SAP HANA Cloud introduces availability of a text embedding model, targeted for vectorization of text data already stored within the database. It is specifically useful for vector engine similarity search scenarios or machine learning tasks, implicitly making use text embedding vectors unlocking the semantic understanding of text data for the analysis. A detailed capability introduction can be found in the following blog post [Text Embedding Service in SAP HANA Cloud Predictive Analysis Library (PAL)](https://community.sap.com/t5/enterprise-resource-planning-blogs-by-sap/text-embedding-service-in-sap-hana-cloud-predictive-analysis-library-pal/ba-p/13958864).

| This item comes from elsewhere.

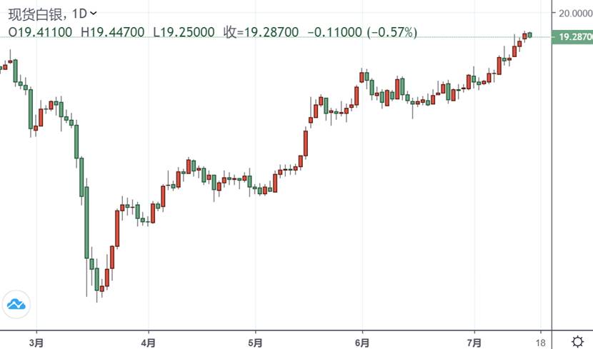 周四(7月16日)亚洲交易时段,风险情绪谨慎,亚股全线下挫,中美关系不断紧张令风险人气遭到打击。 现货白银在昨日刷新年内高位后进行盘整,目前交投在19.35美元附近,近期银价涨势较为凌厉。 疫情方面,据实时信息数据更新网站Worldotr的统计数据显示,截至北京时间7月16日09:48,全球新冠肺炎累计确诊

Running vectorizations for 122447 recs took 37 minutes (2244 secs) on 4 vCPUs.

For the sake of the exercise let's reduce the number of records by limiting only to cars with hybrid engine.

In [None]:
print(f"""Number of records selected for further processing: {(hdf_carcomplaints_he := hdf_carcomplaints.filter(''' "FUEL_TYPE"='HE' ''')).count()}""")

In [None]:
### Generating Text Embeddings in SAP HANA Cloud with the new PAL function, function available with hana-ml 2.23.
from hana_ml.text.pal_embeddings import PALEmbeddings
pe = PALEmbeddings(model_version='SAP_GXY.20250407')
textembeddings = pe.fit_transform(hdf_carcomplaints_he, key="CMPLID", target=["CDESCR"], thread_number=10, batch_size=10) #, max_token_num=512
print(f"{textembeddings.count()} records processed in {round(pe.runtime, 3)} sec")

In [None]:
textembeddings.get_table_structure()

In [None]:
# Review the generated Text Embeddings, note they are of vector dimensionality 768 for the current HANA embedding model
cmpl_textembeddings=textembeddings.rename_columns({'VECTOR_COL_CDESCR': 'HANACLOUD_TEXT_EMBEDDING'}).to_tail('COMPDESC')
display(cmpl_textembeddings.head(1).collect().T)

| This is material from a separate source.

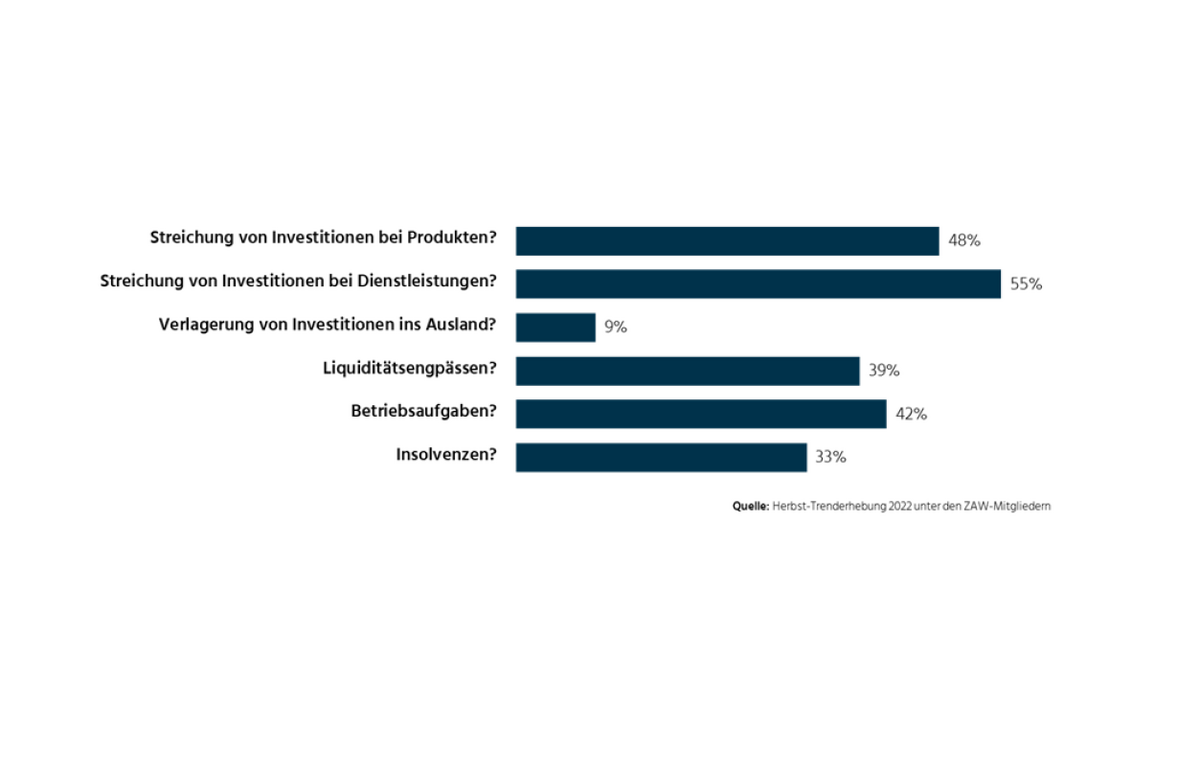 Rezessive Konjunkturdaten, Inflation und sinkende Konsumlaune belasten die ZAW-Mitglieder: Mit Blick auf das zu Ende gehende Jahr und das erste Quartal 2023 befürchten 48 Prozent Streichungen von Investitionen bei Produkten, 55 Prozent bei Dienstleistungen, nur 9 Prozent sehen Investitionsverlagerungen ins Ausland. Liquiditätsengpässe befürchten weiterhin 39 Prozent, 42 Prozent gehen von Betriebsaufgaben aus und 33 Prozent gar von Insolvenzen.

## Text Embeddings for Advanced Text Mining using ANNS (Approximate Nearest Neighbor Search)

New text mining techniques can now be applied leveraging existing text embedding vectors (or create them implicitly from the original text) unlocking the semantic understanding of text data for text mining tasks like text document classification. Thus elevating a classic task from linguistic text understanding to understanding the real natural language context of documents for greatly improved results. This new technique in SAP HANA Cloud Predictive Analysis Library for advanced text mining builds on the concept of approximate neares neighbor search, thus also adressing larger scale scenarios. The advanced text mining function is explained with more detail in the following blog post [New information retrieval techniques in SAP HANA Cloud using BM25 and ANNS for Advanced Text Mining](https://community.sap.com/t5/technology-blogs-by-sap/new-information-retrieval-techniques-in-sap-hana-cloud-using-bm25-and-anns/ba-p/13958729).

In [None]:
hdf_carcomplaints.filter('''MFR_NAME LIKE ('Tesla%')''').agg([('count', 'YEARTXT', 'COUNT')], group_by='YEARTXT').sort(cols='YEARTXT', desc=False).collect()

In [None]:
# Preparing the input dataframe for ANNS-advanced text mining
# Required input data schema: document-id, text
carcomplaints_anns_hdf=hdf_carcomplaints.filter('''MFR_NAME LIKE ('Tesla%') AND "YEARTXT"='2022' ''').select('CMPLID', 'CDESCR')
display(carcomplaints_anns_hdf.head(1).collect())
display(carcomplaints_anns_hdf.count())

In [None]:
# Building the ANNS-advanced text mining model
# Note, the complaints shall be clustered into 70 groups for the approximate similarity search
from hana_ml.text.anns_model import ANNSModel

anns = ANNSModel(by_doc=True)
anns.fit(data=carcomplaints_anns_hdf, key='CMPLID', target='CDESCR', group_number=70, max_iteration=100, 
         comment='TESLA complaints search model for 2022')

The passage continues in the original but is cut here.